Electro-catalysis by immobilised human flavin-containing monooxygenase isoform 3 (hFMO3).

Human flavin-containing monooxygenases are the second most important class of drug-metabolizing enzymes after cytochromes P450. Here we report a simple but functional and stable enzyme-electrode system based on a glassy carbon (GC) electrode with human flavin-containing monooxygenase isoform 3 (hFMO3) entrapped in a gel cross-linked with bovine serum albumin (BSA) by glutaraldehyde. The enzymatic electrochemical responsiveness is characterised by using well-known substrates: trimethylamine (TMA), ammonia (NH(3)), triethylamine (TEA), and benzydamine (BZD).
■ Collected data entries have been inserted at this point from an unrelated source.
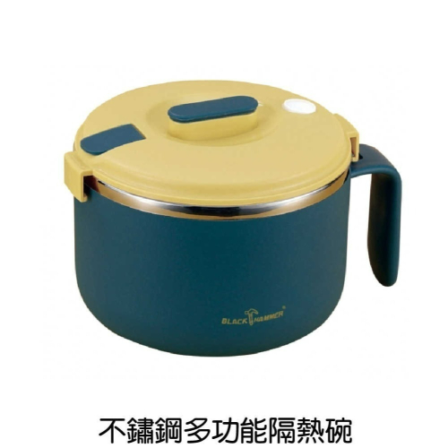 BLACK HAMMER 不鏽鋼 雙層隔熱 多功能泡麵碗1200ml 藍色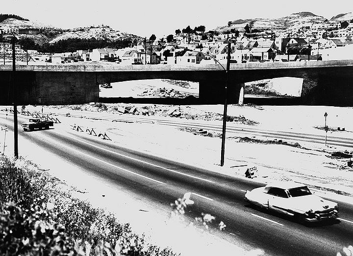 I-280 freeway under construction at Mission/Alemany viaduct, c. 1965.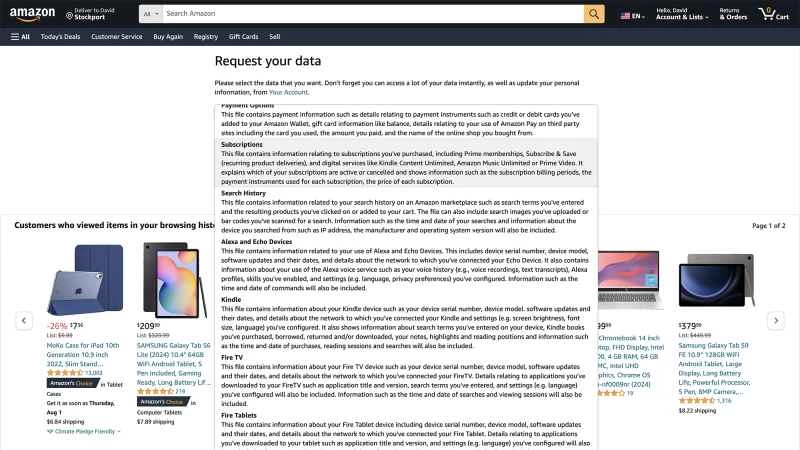 登入亞馬遜網站,將滑鼠懸停在「帳戶與清單」(右上角),然後選擇「您的帳戶」 。在下一個畫面上,您應該會看到一個「請求您的資料」的連結:您可以選擇資料類型(例如「搜尋記錄」),或「要求您的所有資料」 。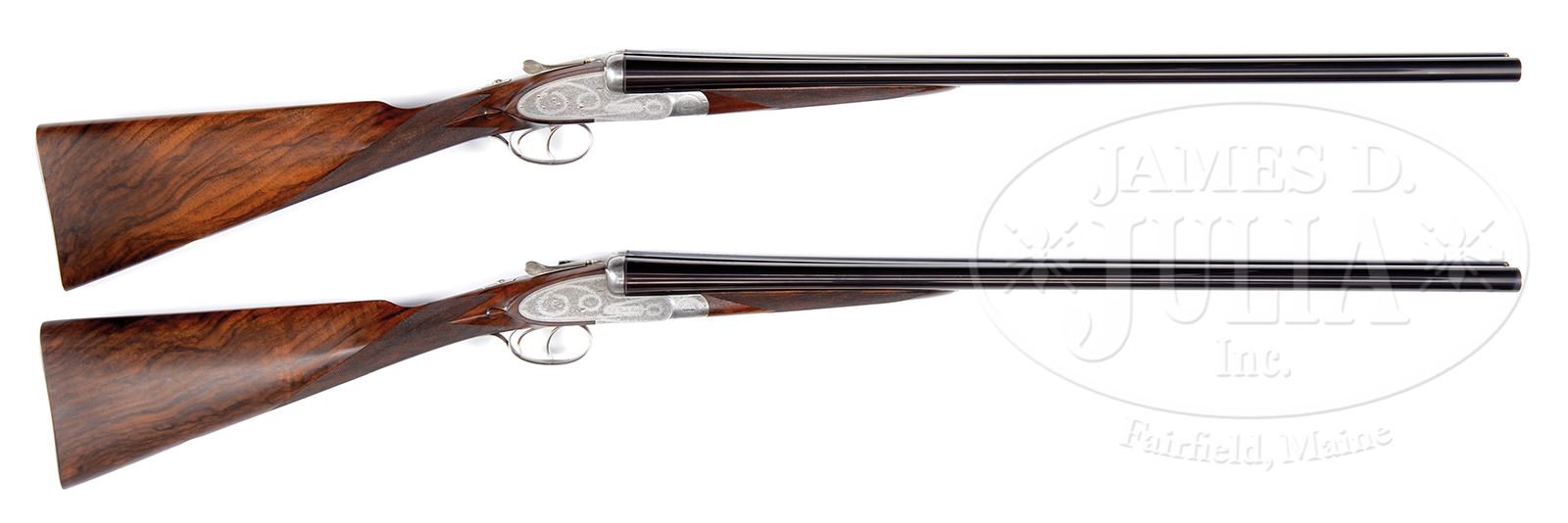 *NICELY MATCHED PAIR OF PIOTTI “KING – 1” SIDELOCK EJECTOR GAME GUNS MADE FOR J. RIGBY & CO WITH CASE.SN 8863/ 8864. Cal. 12 ga. 2-3/4″ Chambers. 28″ Chopper lump bbls with swamped, narrow game ribs, have gold inlaid “1” and “2” at rear portions. Guns are a true pair with “1” and “2” gold inlaid on top levers and forend tips. Bbls are engraved “Made for J Rigby & C. London” and “By Fratelli Piotti of Gardone V.T. Italy”. Bottoms of bbls are stamped with 1990 Italian nitro proofs for 2-3/4″ chambers. Coin finished sidelock actions feature automatic safeties (S inlaid in gold), raised arrow tumbler end cocking indicators, and double triggers (front “loose”). Actions and lockplates are engraved with well cut traditional small scroll with rose bouquet highlights. Coin finished single beaded trigger guards have SNs at grips. “Flli. Piotti Italy” is on each lockplate. Well matched, dark veined and lightly figured European walnut straight grip buttstocks measure 15-1/2″ over fully checkered wood butts. Stocks feature drop points, diamond hands, closely spaced borderless point pattern checkering, and .585 marked gold ovals engraved with initials “JWS”. Matching splinter ejector forends have Anson releases. BBL set no. “1”: Bore diameter: left -.727, right -.727. Bore restrictions: left -.025 (Lt Mod), right -.014 (I mod). Drop at heel: 2-1/4″, drop at comb: 1-1/2″. Weight: 6 lbs 11 oz. LOP: 15-1/2″. BBL set no. “2”: Bore diameter: left -.727, right -.727. Bore restrictions: left -.027 (I mod), right -.016 (mod). Drop at heel: 2-1/4″, drop at comb: 1-1/2″. Weight: 6 lbs 11 oz. LOP: 15-1/2″. High quality brown leather 2- gun motor case with stitched leather corners is embossed “J.W.S.” on top. Case is lined in burgundy cloth and has gold embossed black leather Rigby label in lid. Case contains 2-pc rosewood and brass cleaning rod and a Rigby bench cloth. CONDITION: Excellent, showing evidence of little use, with light cartridge halos on breechfaces. Most finish loss on bbls is due to contact with forend during firing. There are a few scattered light marks. Coin finish is excellent, as are stocks, with only a few handling marks in their hand rubbed oil finish, and slight compressions to checkering on butts. Bores are excellent. Actions are tight. Ejectors are strong and in time. Case leather is excellent with a few light rubs and some small dots of white paint. Straps and handle are excellent. Interior cloth and label are excellent. Cloth lightly soiled. A great pair of classically styled game guns with a current retail of over $39,000.00 each. 49305-3 MGM146 (25,000-35,000) – Lot 2145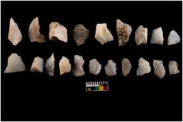 | Description / विवरण | There are n 20 worked flakes; all are having sharp edges. Sone are tapering at one end whereas some have flat base.All are uneven in shape and size. None of them show crested ridge flakes. |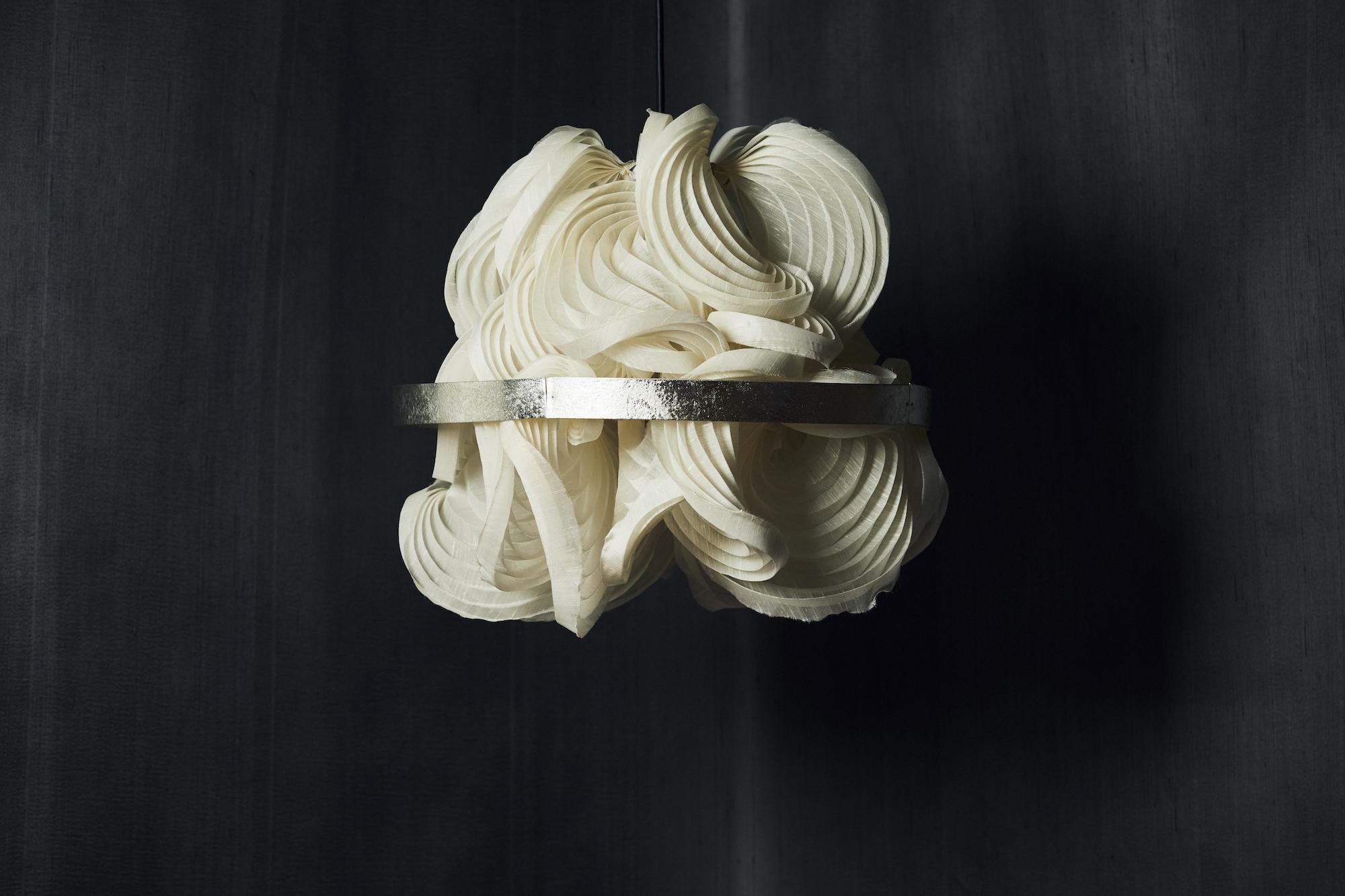 プリーツ加工したしけ絹を組み合わせたランプシェード。点灯時は幾重にも重ねられたしけ絹の陰影が華やかさを演出。消灯時にも絹の装飾が作品のように空間を演出しています。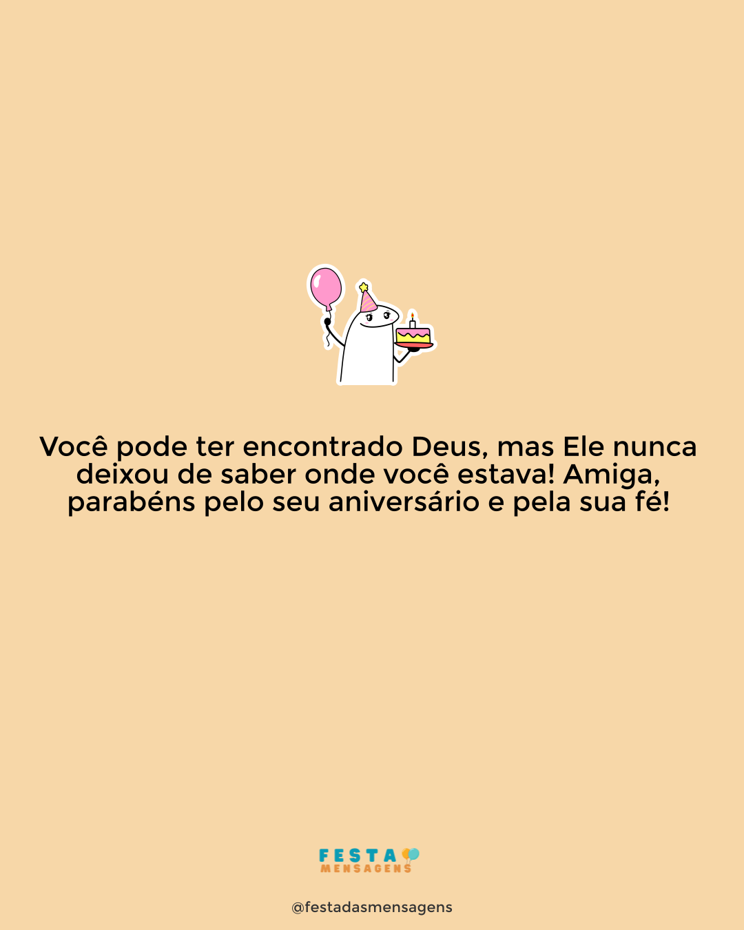 Minha querida amiga, parabéns pelo seu aniversário! Somos irmãs de fé e faço questão de lhe dar os mais sinceros votos de felicidade pelo dia de hoje! Deus está sempre nos surpreendendo em todos os momentos e prova disso é que nos aproximamos graças as crenças que compartilhamos e hoje nos consideramos grandes amigas. Espero de coração que o seu dia seja abençoado e que todas as pessoas que você ama estejam ao seu lado para celebrar esta idade nova que se inicia. Parabéns e muitas felicidades!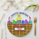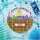Two tone brown Easter basket with decorated eggs in pink and green Easter grass and pink handle. Happy Easter typography in deep blue. Cute yellow chick hatched from colourful striped egg in red, yellow, blue, green and purple. Family Name typography in red inside black and white rectangle. Original Artwork Design © TamiraZDesigns.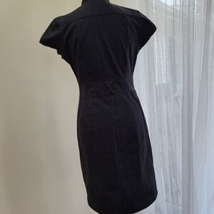 H&M cap short sleeve vneck button front coat dress. Washed black cotton/elastane. Faux breast pockets, 2 working front hip pockets with flaps. Belt loops at waist, no belt. Center back kick slit. Measures 17" underarm seam to seam. 14" waist flat. 36" from top of shoulder to bottom hem. Size 8.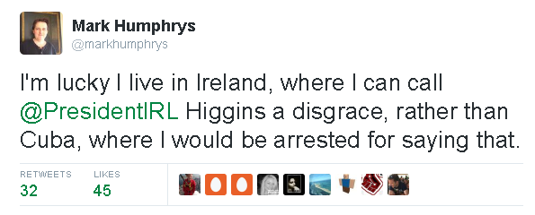 President Michael D. Higgins disgraced Ireland in Nov 2016 by praising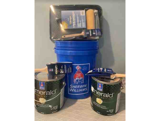 This package includes Two Gallons of Emerald Designer Addition Paint, a 5 piece Painting Kit from Sherwin Williams, 2 additional brushes and a wonderful storage bucket on Mineral Spring Avenue in North Providence.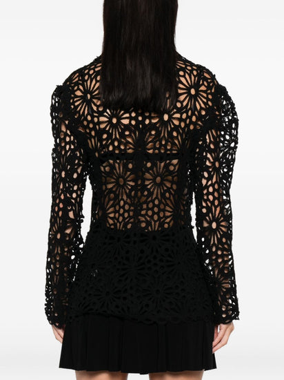 black floral motif single-breasted Lace single-breasted blazer jacket Size and Fit - This piece fits true to size. We recommend you get your regular size. Model is 1,75m / 5ft 8in wearing size S

The apparent Michaelis-Menten constant (K'(M)) and apparent maximum current (I'(max)) are calculated by fitting the current signal to the Michaelis-Menten equation for each substrate. The enzyme-electrode has good characteristics: the calculated sensitivity was 40.9 +/- 0.5 mA mol(-1) L cm(-2) for TMA, 43.3 +/- 0.1 mA mol(-1) L cm(-2) for NH(3), 45.2 +/- 2.2 mA mol(-1) L cm(-2) for TEA, and 39.3 +/- 0.6 mA mol(-1) L cm(-2) for BZD. The stability was constant for 3 days and the inter-electrode reproducibility was 12.5%. This is a novel electrochemical tool that can be used to investigate new potential drugs against the catalytic activity of hFMO3.